This 2010 file photo shows Dominion Resources Cove Point terminal in Maryland. It is has been converted from a gas import facility to an export terminal to ship Marcellus Shale gas to Japan and India.
Dominion Resources
This 2010 file photo shows Dominion Resources Cove Point terminal in Maryland. It is has been converted from a gas import facility to an export terminal to ship Marcellus Shale gas to Japan and India.
Dominion Resources
The Delaware River Basin Commission acknowledged on Tuesday that an energy company plans to ship liquefied natural gas (LNG) and other liquids through a new export terminal on the Delaware River in South Jersey, updating its earlier statement that LNG was not part of the company’s permit application.
Environmental activists have accused the DRBC and other regulators of concealing plans by the developer, Delaware River Partners, to add an LNG terminal to a new port that it plans to build on a former DuPont site in Gibbstown, Gloucester County.
The DRBC previously said the company did not seek a permit for the LNG terminal in its application but on Tuesday said it “recently” learned of the plan.

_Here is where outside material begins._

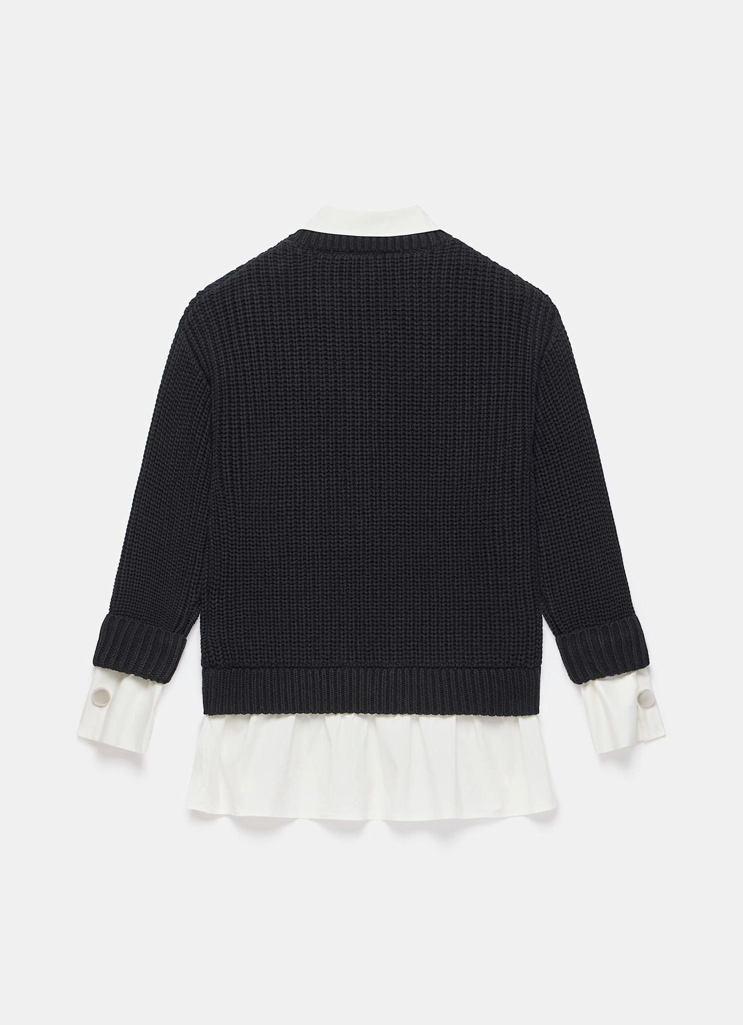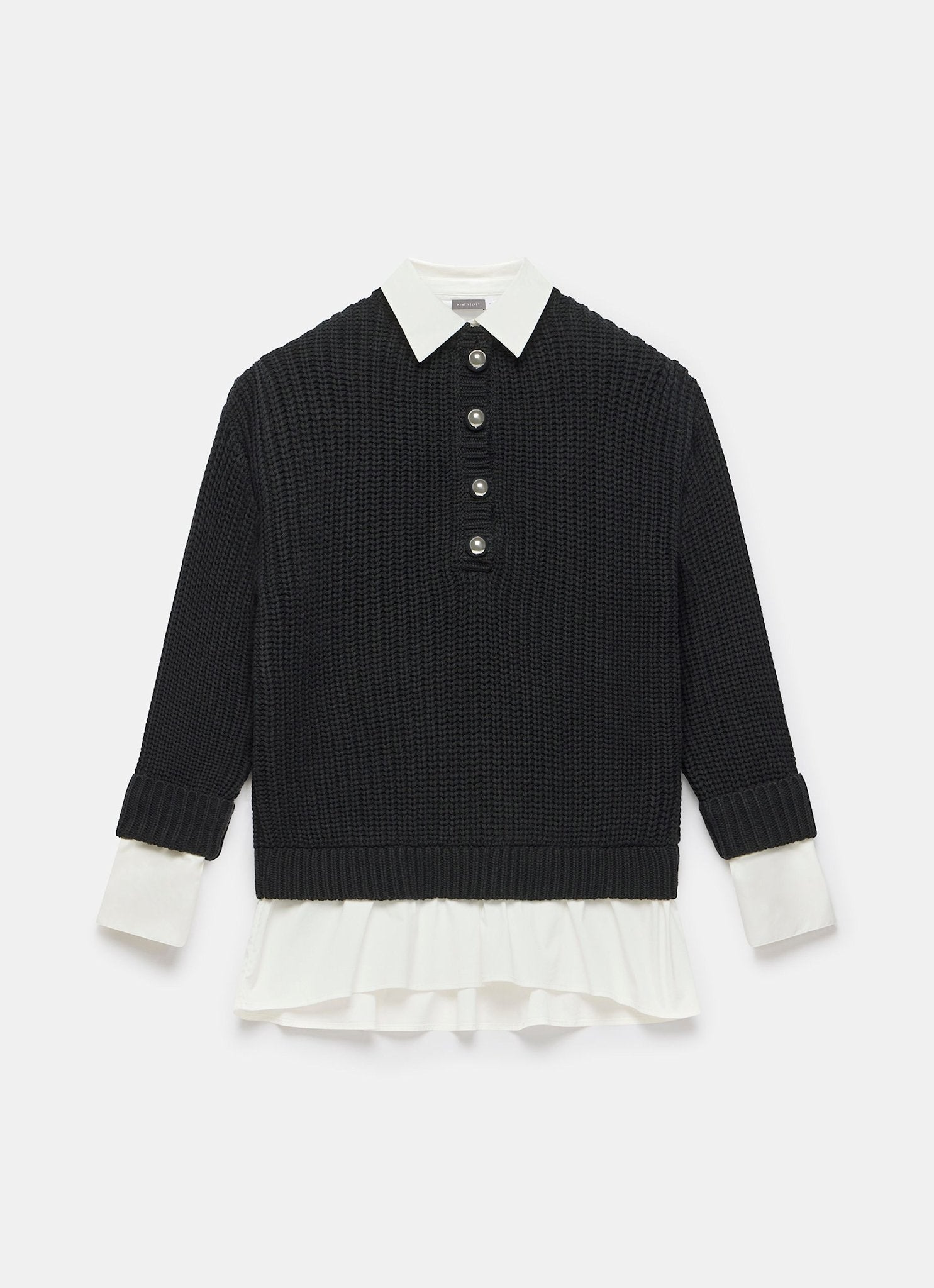 Black Button Detail Layered Shirt Knit Jumper

David Kovach, the agency’s head of permitting, verbally included LNG in a list of proposed uses at a DRBC meeting on June 6, the agency said in a statement on Tuesday.
“During his description of the draft docket, Mr. Kovach said that the applicant recently informed us that Dock 2 will support the transloading of a variety of bulk liquid products, including butane, isobutane, propane (collectively liquefied petroleum gas, or LPG), liquefied natural gas (LNG), and ethane,” the statement said.
LNG would be shipped to the Gibbstown port via truck from a new liquefaction plant being built in Bradford County, Pennsylvania, amid the abundant natural gas supplies of the Marcellus Shale, according to a Securities and Exchange filing by the plant’s developer, New Fortress Energy. The plant, costing an estimated $750-$850 million, would have a capacity of 3.6 million gallons a day and could serve markets in the Northeast by truck, the company said in a statement.
New link to world markets
The liquefaction operation is designed to take rich reserves of “stranded” gas — which currently has no market outlet because of a shortage of pipelines — and link it to world markets via the new port complex.
There will be no bulk storage of LNG at the Gibbstown port and no manufacture of any liquids there, the DRBC said.
The agency rejected a call by environmental groups to deny the DRP application on the grounds that it was incomplete. The application was, in fact, complete, the statement said, although the commissioners had not yet decided whether to consider it during a business meeting scheduled for Wednesday, June 12.
Before the DRBC statement was issued, environmental activists doubled down on their earlier accusations that the agency had not been candid about the LNG part of the Gibbstown plan.
Doug O’Malley of Environment New Jersey called the agency’s handling of the issue “a blatant attempt by the DRBC to subvert public comment.”
“DRBC is finally acknowledging that this is not just a dock on the Delaware River; it is a massive industrial facility,” he said.
Concerns about public safety
O’Malley and other environmentalists said during a conference call with reporters that an LNG export terminal would endanger public safety by risking an explosion; boost fracking for natural gas by opening up overseas markets, and make it harder for New Jersey to hit its targets for cutting carbon emissions.
“We’re looking at massive public safety impacts from Bradford County all the way to South Jersey,” O’Malley said.
The commission, which oversees water quality and supply in the four-state region covered by the river basin, rejected accusations that it had concealed details of the LNG plan from the public.
“DRBC disagrees with that statement,” it said. “The public hearing on June 6 was adequately noticed, and DRBC has shared with the public all information submitted by the applicant and/or its contractors.”
While acknowledging the LNG component of the plan, the DRBC said it does not regulate that liquid or shipping in general. Its regulatory authority is limited to the construction and dredging components of the port plan.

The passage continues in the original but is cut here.